Thursday, August 1, 2013

My life as a whole person: Sometimes it isn't about picking your battles

Regardless of how you spend your days, some are just so much busier than others! Today has been one of those days.

This morning I woke up to wonderful news: A paper describing a new algorithm and analysis of the human X chromosome was accepted with minor revisions at Genome Biology and Evolution! I'm co-first author, and although I'm not listed first, for a variety of reasons, I'll be staying up tonight to work on updating the manuscript and figures tonight. In the next couple of weeks I'll write up an accessible research blog post about it to share with you all!

I got into work and met with my undergraduates. One student and I sat down for an hour debugging code. It was really fantastic, actually, to sit and do some of the detective work together. There were a few small errors in the code, but the root problem turned out to be a faulty assumption about the format of the input files. I was so happy to figure it out, but it was especially gratifying to work through it with my student. I couldn't have come up with a better lesson about coding if I had tried!

Then, I sat back down and read an email from Science writer Tia Ghose, asking me to comment on a Y chromosome paper that's being published tomorrow. She's the one who interviewed me last Fall on my work studying diversity across all compartments of the human genome. Of course I was thrilled to talk to her again!

Afterwards I ate lunch with my husband, also a postdoc at Berkeley. I spent the rest of the afternoon working on revisions from the paper from this morning, responding to emails, including working with a collaborator on a grant resubmission, and trying to prioritize my to-do list, which seems to have grown exponentially since last week.

Then, I got an email that the this manuscript was rejected, with the possibility of resubmitting... again. I have two months to complete the suggested revisions, but should probably take a day or two to thoroughly read the comments. It is nice, then, that I have a few other immediate distractions.

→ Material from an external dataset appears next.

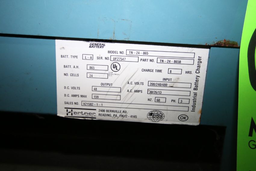 Forklift Battery Chargers, Includes (1) Hertner Auto 1000 48 Volt Charger, Model TN-24-865, S/N UF27547 and (1) 24 Volt Charger
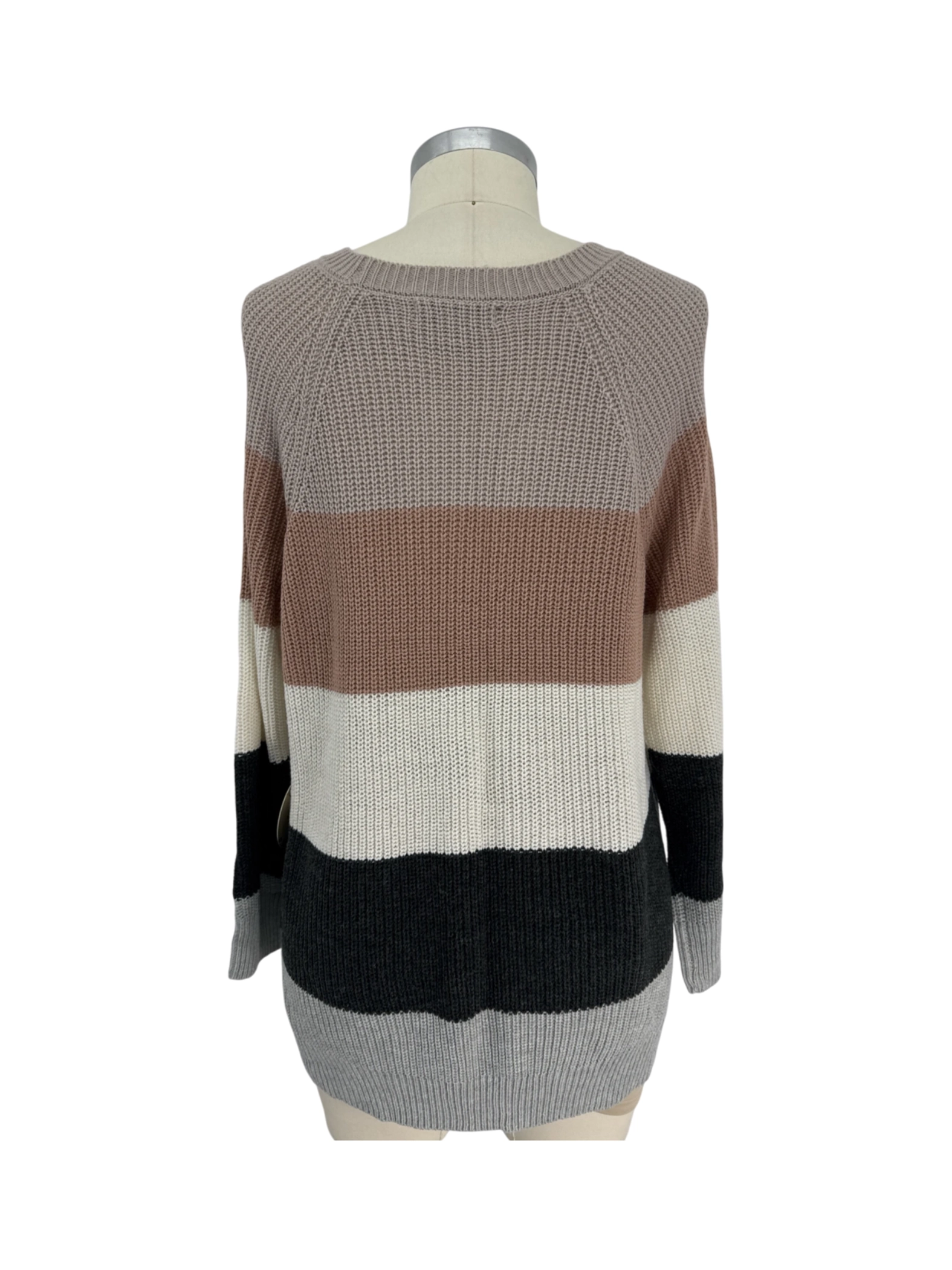 This MISIA sweater is a stylish addition to any wardrobe. Crafted from a soft acrylic blend, this pre-owned sweater features a classic round neck and a comfortable fit. With its multicolor stripes design, it's perfect for cooler days. The sweater is in excellent condition, offering both comfort and style at an affordable price.

One daily distraction is something I let consume my mind, and that is Little Bear. This morning we noshed on Cheerios together, and read books before Scott took her to daycare. This afternoon I jogged to daycare (yay for one mile!), then played with the Little Bear at the Willard Park playground. We met up for a family dinner out at Kiraku (a Japanese tapas restaurant, which none of us are yearning to go back to), then all walked home together. At home we enjoyed Little Bear's antics, she got a bath, then we read books, and tried to get her to bed. Then she got up to pee on the potty. Then back to bed. Then up again to pee on the potty. Then back to bed. Then up once more to pee on the potty (really, how much urine can one toddler have?!). Then, back to bed, and asleep within a few minutes.

Here is the wisdom from Little Bear (2.5yrs old) tonight:

Sometimes it isn't about picking your battles. Sometimes it's just time to laugh. 
I was singing to her tonight - always songs of her request. Tonight she asked for "Baa Baa Black Sheep". If you don't know the song, the first line is:

"Baa baa black sheep, have you any wool?"

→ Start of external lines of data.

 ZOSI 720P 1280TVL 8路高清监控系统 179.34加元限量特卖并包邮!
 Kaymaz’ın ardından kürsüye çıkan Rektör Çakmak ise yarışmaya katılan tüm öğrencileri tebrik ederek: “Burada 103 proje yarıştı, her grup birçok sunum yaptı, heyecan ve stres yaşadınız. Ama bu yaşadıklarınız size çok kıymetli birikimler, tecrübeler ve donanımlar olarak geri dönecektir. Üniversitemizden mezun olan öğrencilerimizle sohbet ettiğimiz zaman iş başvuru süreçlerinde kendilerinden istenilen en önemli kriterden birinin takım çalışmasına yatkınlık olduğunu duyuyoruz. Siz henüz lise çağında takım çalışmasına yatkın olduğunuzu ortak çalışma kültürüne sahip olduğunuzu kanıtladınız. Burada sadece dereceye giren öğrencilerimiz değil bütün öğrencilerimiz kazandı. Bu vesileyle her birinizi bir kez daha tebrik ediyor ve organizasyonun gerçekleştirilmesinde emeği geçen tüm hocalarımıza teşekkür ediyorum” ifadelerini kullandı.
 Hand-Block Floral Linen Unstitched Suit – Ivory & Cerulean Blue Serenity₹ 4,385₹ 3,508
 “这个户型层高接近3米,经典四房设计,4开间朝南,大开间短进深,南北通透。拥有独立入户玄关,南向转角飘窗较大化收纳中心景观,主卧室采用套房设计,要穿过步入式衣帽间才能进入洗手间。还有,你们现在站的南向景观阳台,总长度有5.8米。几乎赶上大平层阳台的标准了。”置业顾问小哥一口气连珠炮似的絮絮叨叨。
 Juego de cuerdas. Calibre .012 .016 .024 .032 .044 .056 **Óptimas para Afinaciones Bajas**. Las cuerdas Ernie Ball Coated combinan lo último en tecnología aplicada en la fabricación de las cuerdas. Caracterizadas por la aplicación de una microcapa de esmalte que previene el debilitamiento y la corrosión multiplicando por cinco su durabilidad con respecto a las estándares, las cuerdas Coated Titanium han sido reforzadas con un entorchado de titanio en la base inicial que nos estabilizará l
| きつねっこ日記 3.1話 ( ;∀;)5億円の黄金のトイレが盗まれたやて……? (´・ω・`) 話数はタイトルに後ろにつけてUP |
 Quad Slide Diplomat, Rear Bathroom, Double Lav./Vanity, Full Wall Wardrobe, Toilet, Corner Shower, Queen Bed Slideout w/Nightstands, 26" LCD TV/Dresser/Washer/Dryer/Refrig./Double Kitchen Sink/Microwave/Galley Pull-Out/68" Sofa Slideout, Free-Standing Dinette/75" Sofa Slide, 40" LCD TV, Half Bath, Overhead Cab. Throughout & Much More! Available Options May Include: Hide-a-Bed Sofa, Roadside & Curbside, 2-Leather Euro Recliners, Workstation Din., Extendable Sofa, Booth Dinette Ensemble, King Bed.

Well, Little Bear interrupted me to tell me, "It isn't 'wool' mommy, it's 'woof'." She proceeded to sing the first line "correctly" for me:

"Baa baa black sheep, have you any woof?"

Then she laughed hysterically. I think it was her first attempt at making a  new joke. As infectious as her laughter is, it was pretty funny.

I sang the original version. She corrected me again, then laughed like an evil genius. She knew it was wrong, and I knew it was wrong, so there was no use arguing about it. It wasn't about being right or wrong, it was about taking the time to laugh about something silly, and enjoy the moment.

Today was a series of wonderful moments, and one frustrating moment, but even that has already passed. I'm not saying I wasn't upset about the rejection (I really was), but I felt it, let it consume the time it deserved, and now I'm ready for the next moment. Woof.